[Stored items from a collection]
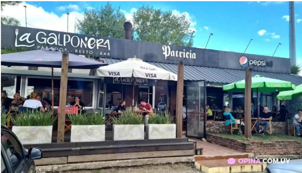
Parador resto bar la galponera minas
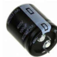
EET-HC2G271BA Panasonic Electronic Components CAP ALUM 270UF 20% 400V SNAP
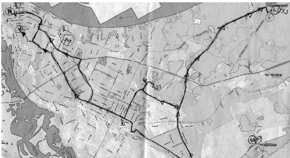
Рис. 4. Передвижения по большей части территории Самары

Все вышеперечисленные фигуры относятся к сравнительно небольшим масштабам осваиваемой территории. Когда же расстояние между локациями достаточно большое, то рисунок ментальной карты приобретает сложную неправильную форму. Маршруты и места создают разветвленную сеть передвижений горожанина по Самаре. Здесь можно встретить и скопления локаций на небольшой территории, и вытянутые маршруты, и неправильные многоугольники.
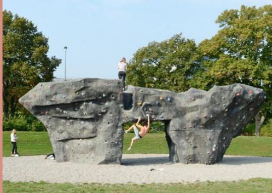
(Kulturportal Lund 2016)
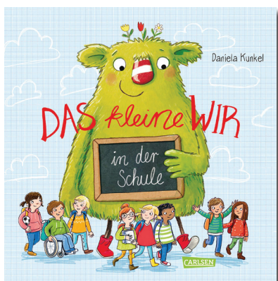
Das kleine WIR in der Schule Daniela Kunkel Carlsen Verlag 2018

Zu diesen Büchern gibt es Buchauszüge und Übungen in „Hallo Schule. Mein Buch“:
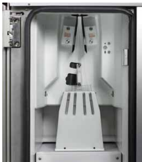
4方向ソーティング
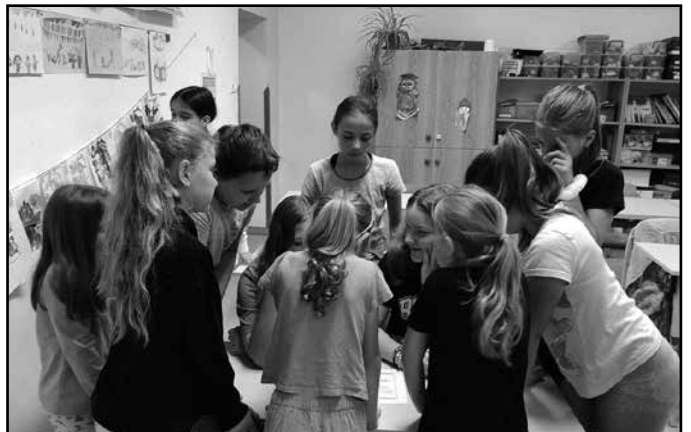
Csapatverseny a gyereknapi

Május 24-én rendeztük meg iskolánkban a gyereknapi. Reggel Margó néni köszöntője után a tanulók csapatokba rendeződtek, majd megindultak a különböző állomásokra. Érdekes feladatok vártak a csapatokra: tájékozódó futás, digitális board, darts, totó, célbadobás, lövészet, öltözz-vetkőzz, puzzle, tárgyfelismerés stb. Az ácseszéri konyha jóvoltá-

● What is required
Word for word, write out the lines from the top of the records above down to the line holding "Csapatverseny a gyereknapi", inclusive, but not the pictures.

● Reply
Parador resto bar la galponera minas
EET-HC2G271BA Panasonic Electronic Components CAP ALUM 270UF 20% 400V SNAP
Рис. 4. Передвижения по большей части территории Самары

Все вышеперечисленные фигуры относятся к сравнительно небольшим масштабам осваиваемой территории. Когда же расстояние между локациями достаточно большое, то рисунок ментальной карты приобретает сложную неправильную форму. Маршруты и места создают разветвленную сеть передвижений горожанина по Самаре. Здесь можно встретить и скопления локаций на небольшой территории, и вытянутые маршруты, и неправильные многоугольники.
(Kulturportal Lund 2016)
Das kleine WIR in der Schule Daniela Kunkel Carlsen Verlag 2018

Zu diesen Büchern gibt es Buchauszüge und Übungen in „Hallo Schule. Mein Buch“:
4方向ソーティング
Csapatverseny a gyereknapi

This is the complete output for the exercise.